I’m sure you have heard of the handshake deal. Some are amazingly successful and long-lasting, but it’s rare that the initial handshake is not followed up with a contract that formalizes the initial meeting of the minds.
In a way the handshake is (or should be) a very Vested act, because it implies – if both parties are honest and well-meaning – a degree of trust, honesty and collaboration in the new relationship and for the future.
The relationship between McDonald’s and Coca-Cola is often cited as a classic example of two companies working effectively without a written contract. These companies succeed on the strength of their relationship, the soundness of their business decisions, and their commitment to work together. Coca-Cola counts McDonald’s as its largest customer thanks to a handshake deal dating to 1955. That relationship may be the exception that proves the rule, but my guess is that in the intervening years that handshake was formalized in some fashion.
After all, our society has become incredibly litigious since 1955—a crowd of baby boomers went to law school and had to find work!

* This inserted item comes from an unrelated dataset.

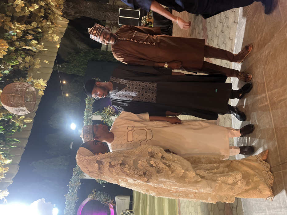 A group of four individuals, likely at a wedding or celebratory event, stand in a line. The person at the front is wearing a white, embroidered dress and veil. Behind, two men are dressed in traditional attire, one in white and one in dark brown robes. The fourth individual wears a brown robe. The setting is outdoors, with light-colored flooring and decorations including lights and foliage. A basket-like object hangs near the top-left corner.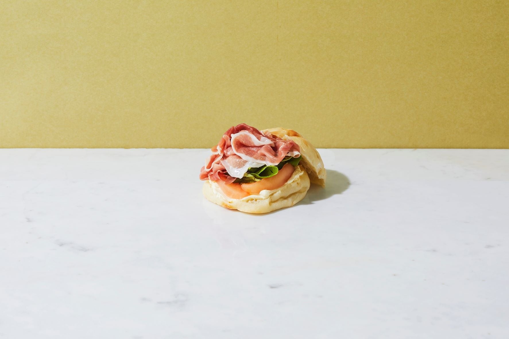 オリジナルのフォカッチャに香り豊かな生ハムと新鮮野菜をサンドし、パルミジャーノソースで

I’m thinking about the handshake deal for two reasons. First, there’s an excellent article, “In Praise of the Handshake,” in the March Harvard Business Review by Dan Ariely, the James B. Duke Professor of Behavioral Economics at Duke University. He writes that “incomplete contracts” (for instance, the handshake) are fine between friends. But when it comes to vendors, partners, advisors, employees, or customers, he continues, most people and firms “believe that incomplete contracts are a reckless way to do business.” Then firms often go in the opposite direction, striving to fashion “complete contracts” that are “as airtight as possible.” That approach is also flawed because dependence on “absurdly detailed contracts in every situation comes with its own downside,” he says. For one thing they lack flexibility and can’t possibly address every real or imagined situation that may arise.
This brings me to the second reason I’m thinking about the handshake deal, because Ariely’s thoughts track similar points outlined in my new book, The Vested Outsourcing Manual, which will be published in June by Palgrave Macmillan. (I co-authored it with Jeanette Nyden, Jacqui Crawford and Katherine Kawamoto.)
The book outlines three contracting schools of thought.
One is that if you have a good business agreement, you do not need a written contract. The second is the most dominant approach where every trivial aspect of the business agreement is written in stone.
A third approach, and one that Vested Outsourcing strongly advocates, is to craft a contract or agreement as a flexible, performance-oriented and collaborative framework designed to achieve mutually beneficial Desired Outcomes for all the parties involved. The Vested approach acknowledges that contracts are by their very nature incomplete works in progress.
The handshake is important but what happens afterward is even more important.
Following the Five Rules of Vested Outsourcing, especially Rule 5—creating a collaborative governance structure that provides insight and not merely oversight—will put a firm grounding on the deal after that initial firm handshake.